• [WHAT YOU NEED TO DO]: Omit every picture, and retype the lines that run from the beginning of the data below through the line containing "- Automatic removal", inclusive.
.....
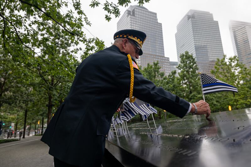 9/11 Anniversary NEW YORK, NEW YORK - SEPTEMBER 11: Retired police officer Sam Pulia places flags on the names along the 9/11 Memorial at the Ground Zero site in lower Manhattan as the nation commemorates the 22nd anniversary of the attacks on September 11, 2023 in New York City. Monday marks the 22nd anniversary of the September 11 terrorist attacks on the World Trade Center and the Pentagon, as well as the crash of United Airlines Flight 93. In total, the attacks killed nearly 3,000 people and commenced a global war on terror which included American led conflicts in both Iraq and Afghanistan. (Photo by Spencer Platt/Getty Images) (Spencer Platt/Getty Images)
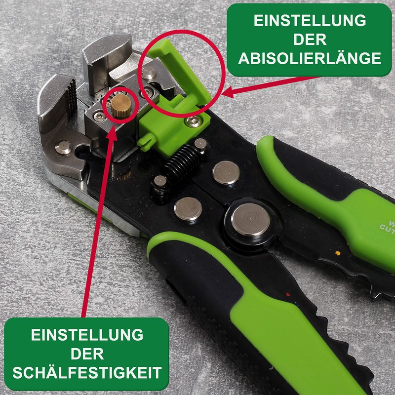 - Automatic removal tool for quick and safe stripping of wires such as PVC cores and fine-stranded conductors. The adjustment to the conductor cross section is automatic
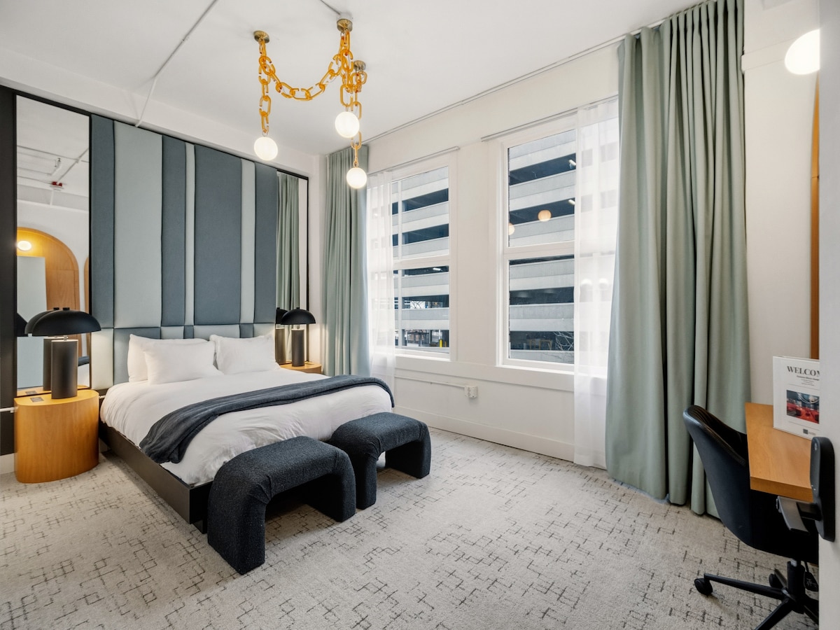 Mėgaukitės nauja viešnage šioje visiškai pertvarkytoje studijoje su moderniu dekoru ir apgalvotomis detalėmis. Erdvioje virtuvėlėje yra viryklė, mikrobangų krosnelė ir vidutinio dydžio šaldytuvas, todėl keliaujant lengva paruošti maistą. Atsipalaiduokite minkštoje karališko dydžio lovoje arba ant kušetės, ant kurios gali lengvai miegoti nedidelis suaugęs asmuo arba vaikas. Stilinga, patogi erdvė, kurioje susipina patogumas ir komfortas. Atkreipkite dėmesį: šis kambarys yra pakelės motelyje, todėl eismo triukšmas neišvengiamas!
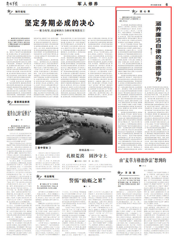 ●保持廉潔自律,做人才有骨氣,做事才有底氣,才能樹(shù)形象、立威信、得人心
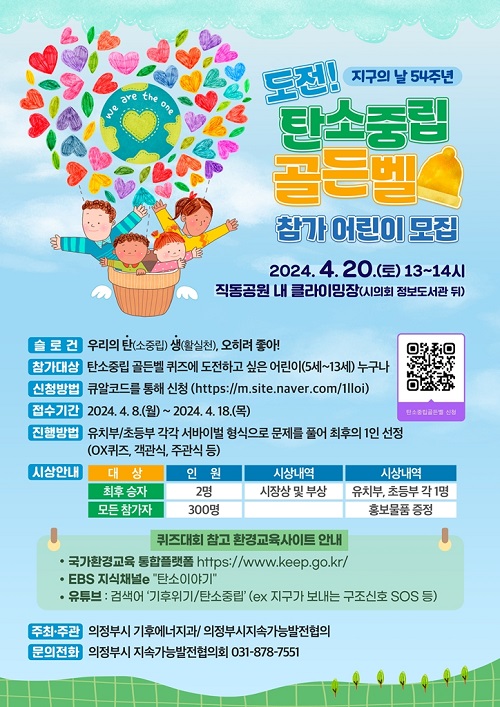 ÀÇÁ¤ºÎ½Ã(½ÃÀå ±èµ¿±Ù)´Â 4¿ù 20ÀÏ Áö±¸ÀÇ ³¯ 54ÁÖ³âÀ» ±â³äÇØ Á¦2ȸ ‘µµÀü! ź¼ÒÁ߸³ °ñµçº§’ ÄûÁî´ëȸ¸¦ °³ÃÖÇÑ´Ù.
.....
• [RESULT FOR THIS TASK]:
 9/11 Anniversary NEW YORK, NEW YORK - SEPTEMBER 11: Retired police officer Sam Pulia places flags on the names along the 9/11 Memorial at the Ground Zero site in lower Manhattan as the nation commemorates the 22nd anniversary of the attacks on September 11, 2023 in New York City. Monday marks the 22nd anniversary of the September 11 terrorist attacks on the World Trade Center and the Pentagon, as well as the crash of United Airlines Flight 93. In total, the attacks killed nearly 3,000 people and commenced a global war on terror which included American led conflicts in both Iraq and Afghanistan. (Photo by Spencer Platt/Getty Images) (Spencer Platt/Getty Images)
 - Automatic removal tool for quick and safe stripping of wires such as PVC cores and fine-stranded conductors. The adjustment to the conductor cross section is automatic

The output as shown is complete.